======== SUPPLIED INFORMATION

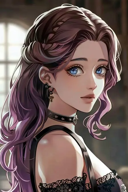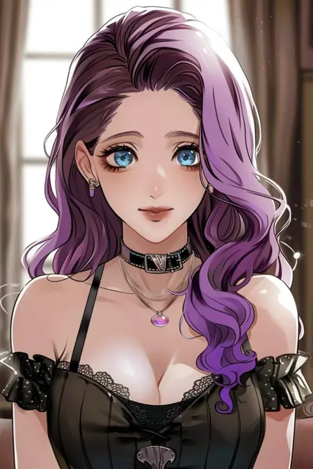 AbigailSV, purple hair, wavy hair, blue eyes, black collar
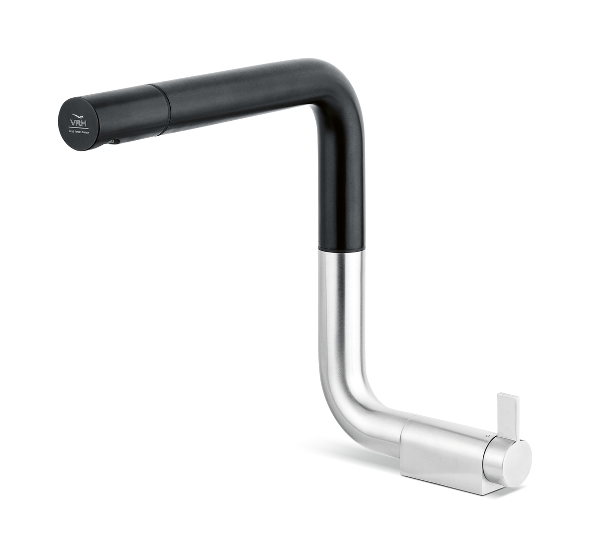The kitchen tap KÜCHE – created by VRH in cooperation with Danish studio Jacob Jensen Design – represents a successful fusion of design and innovation. Made of durable 304 stainless steel, the kitchen tap combines two spouts, one for regular and one for filtered water. The carefully placed rotation points ensure an intuitive operation. The defining design features are the minimalist lines, which provide a modern overall appearance.
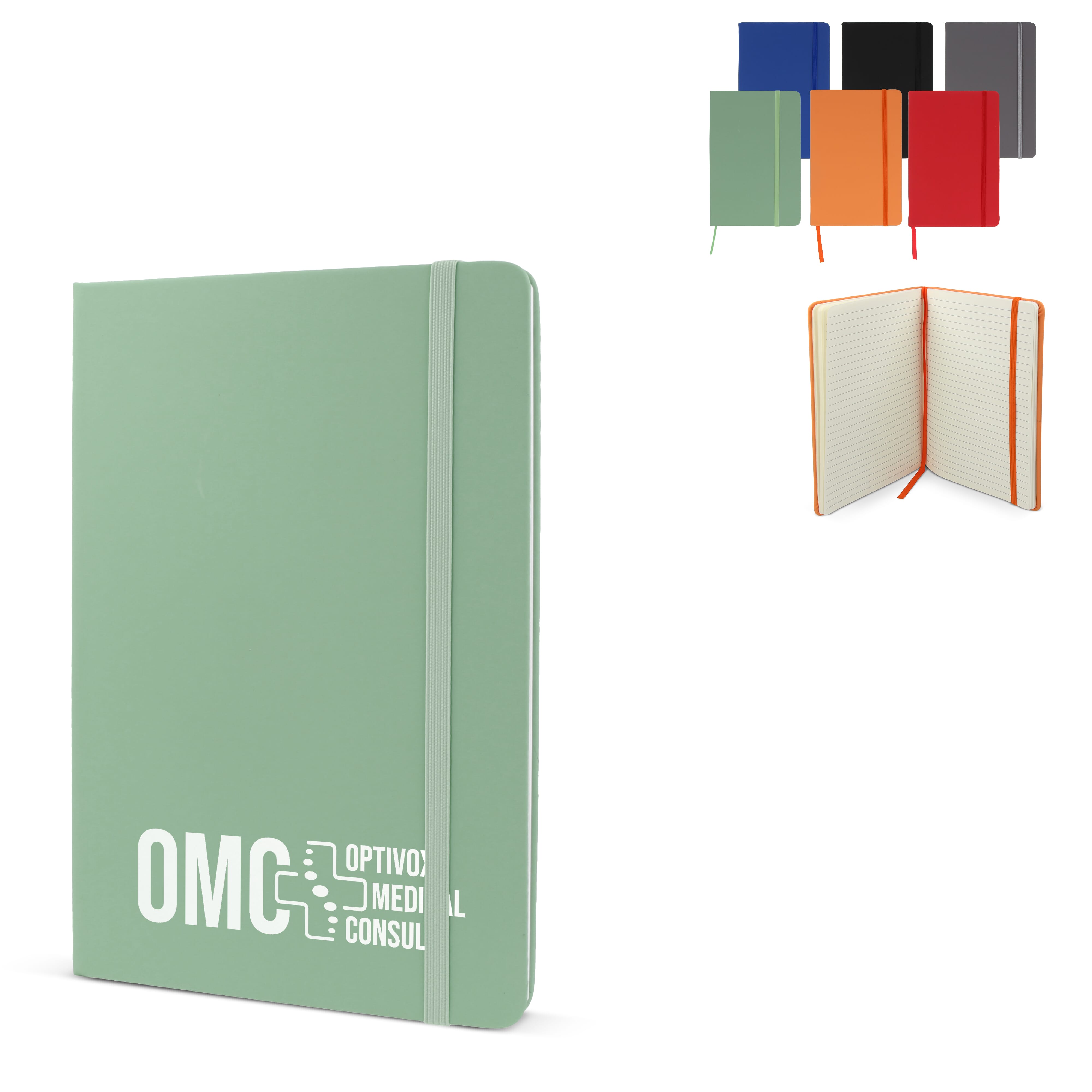 Wir präsentieren unser A5-Notizbuch mit FSC-Seiten! Hergestellt aus recycelten R-PET / PU-Materialien und versehen mit einem robusten Einband in edler Ausführung. Innen bieten linierte FSC-zertifizierte Seiten viel Platz für Ideen, Notizen und Pläne – ein verlässlicher Begleiter für Arbeit, Studium oder tägliche Organisation.
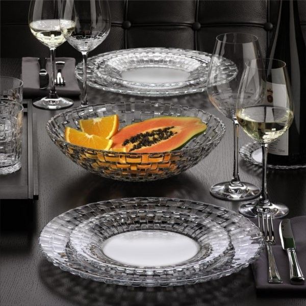 Хрустальная тарелка серии Bossa Nova с текстурным узором переплета ткани, идеально подойдет для подачи салатов и фруктов в ресторанах, гостиницах и в заведениях общественного питания различного направления, а также для презентации различных закусок.
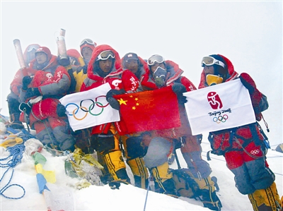 2008年5月8日9时17分,北京奥运会火炬登上了世界最高峰珠穆朗玛峰峰顶,实现了奥运火炬登上地球之巅的人类梦想,是奥运史上一次空前壮举。图为登山队员在峰顶展示中国国旗、奥运五环旗和北京奥运会会徽旗。新华社发
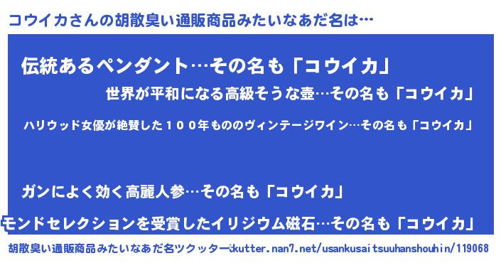 | ヘコむあだ名 | 『コウお』『豆乳』『コウイカ(笑)』 |
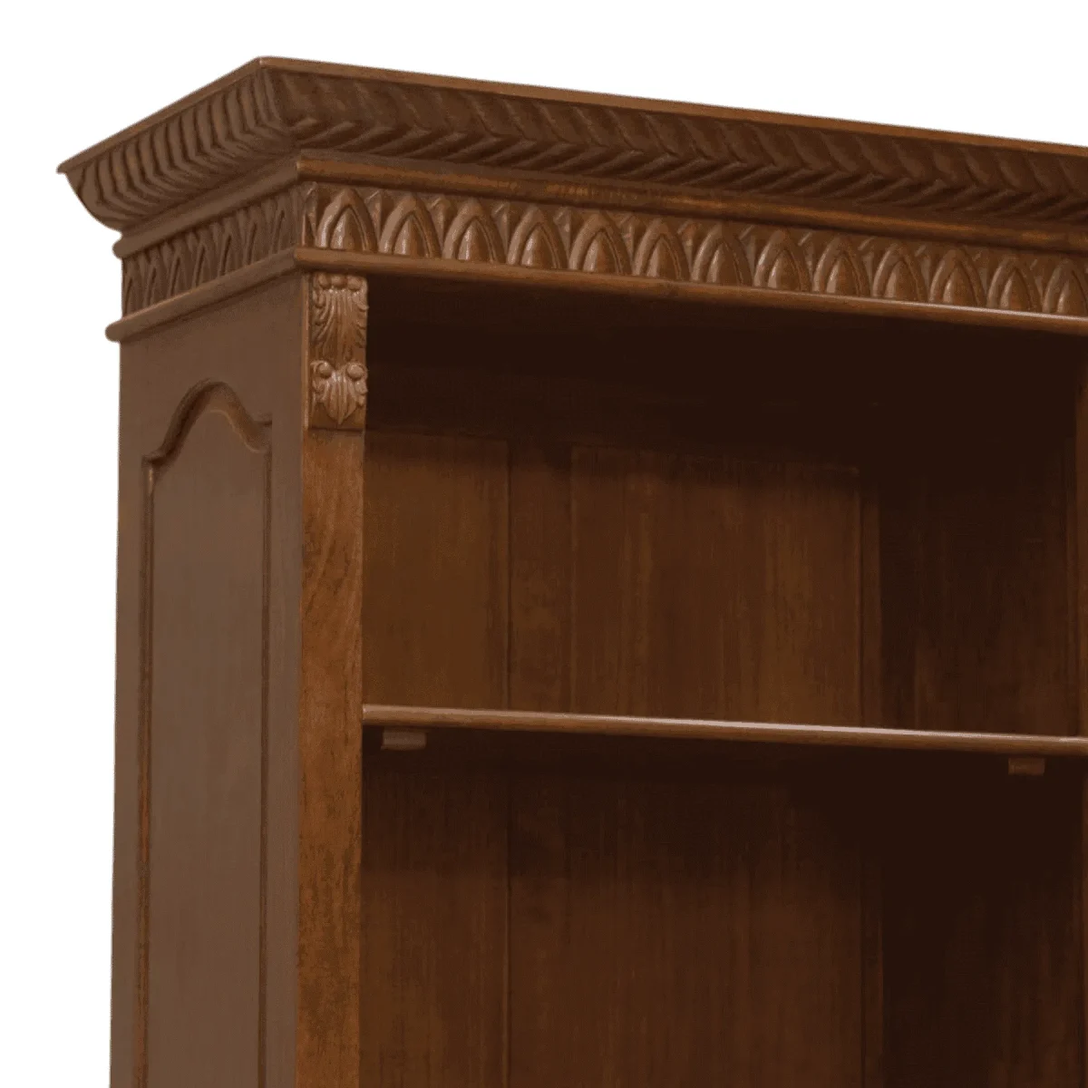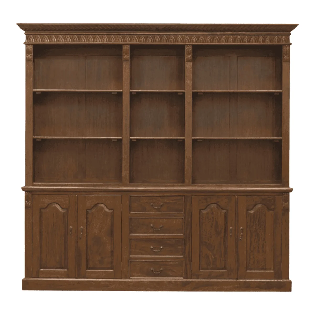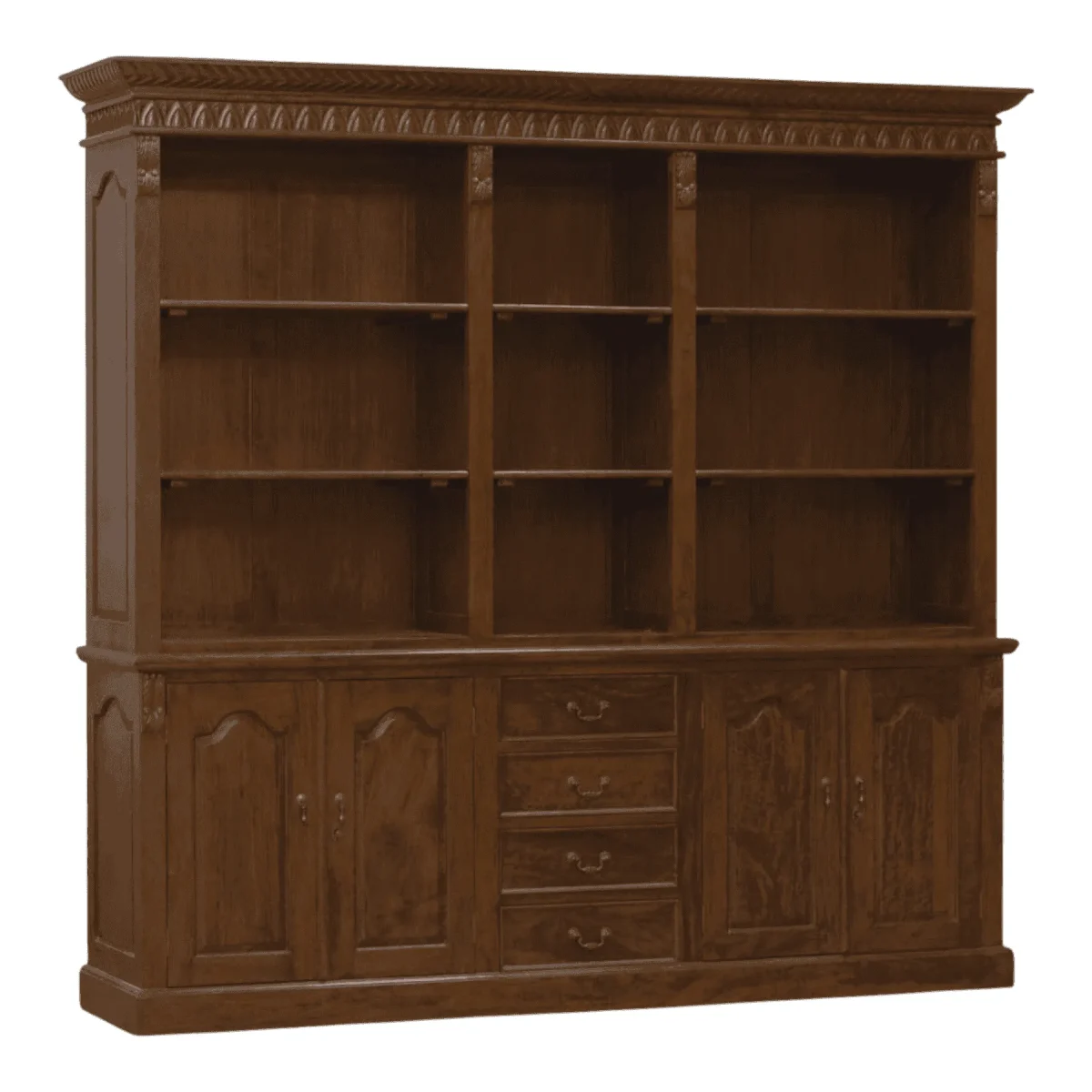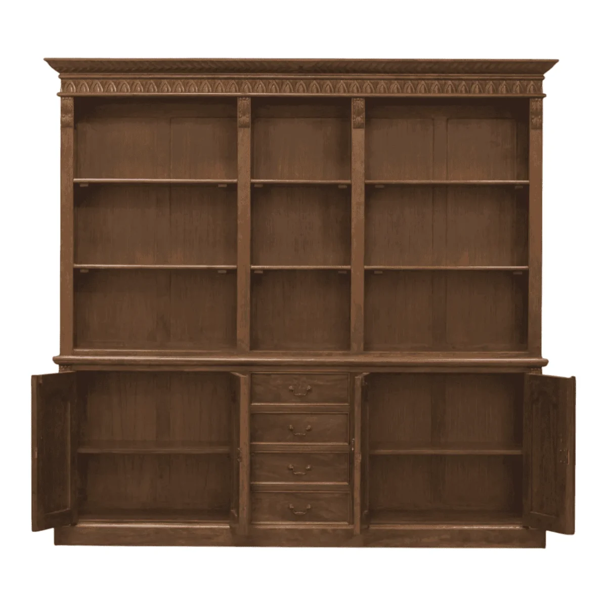 Command authority in your study or living area with this monumental library wall unit that exudes old-world charm The piece features a towering upper section with three open bays of adjustable shelving perfect for displaying an extensive book collection or treasured artifacts Below the unit offers substantial concealed storage through four paneled cabinet doors and a central bank of four graduated drawers ensuring clutter remains out of sight Detailed with a carved cornice and fluted pilasters this bookcase is a permanent architectural addition to any home
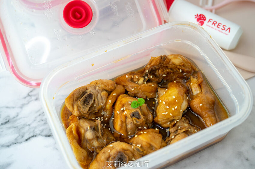 FRESA抽真空微波保鮮盒也很適合醃漬食材,像是要做排骨、三杯雞可以先把肉加醬汁真空醃漬放冷藏,食材短時間內快速入味,非常省時。
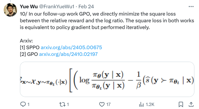 在我们后续的研究 GPO 中,我们直接最小化相对奖励与对数比率之间的平方损失。这两项工作中的平方损失等价于策略梯度,但它是以迭代的方式进行的。

================

With pictures omitted, reproduce exactly the lines from the line containing "Хрустальная тарелка серии" through the end of the data above.

 Хрустальная тарелка серии Bossa Nova с текстурным узором переплета ткани, идеально подойдет для подачи салатов и фруктов в ресторанах, гостиницах и в заведениях общественного питания различного направления, а также для презентации различных закусок.
 2008年5月8日9时17分,北京奥运会火炬登上了世界最高峰珠穆朗玛峰峰顶,实现了奥运火炬登上地球之巅的人类梦想,是奥运史上一次空前壮举。图为登山队员在峰顶展示中国国旗、奥运五环旗和北京奥运会会徽旗。新华社发
 | ヘコむあだ名 | 『コウお』『豆乳』『コウイカ(笑)』 |
 Command authority in your study or living area with this monumental library wall unit that exudes old-world charm The piece features a towering upper section with three open bays of adjustable shelving perfect for displaying an extensive book collection or treasured artifacts Below the unit offers substantial concealed storage through four paneled cabinet doors and a central bank of four graduated drawers ensuring clutter remains out of sight Detailed with a carved cornice and fluted pilasters this bookcase is a permanent architectural addition to any home
 FRESA抽真空微波保鮮盒也很適合醃漬食材,像是要做排骨、三杯雞可以先把肉加醬汁真空醃漬放冷藏,食材短時間內快速入味,非常省時。
 在我们后续的研究 GPO 中,我们直接最小化相对奖励与对数比率之间的平方损失。这两项工作中的平方损失等价于策略梯度,但它是以迭代的方式进行的。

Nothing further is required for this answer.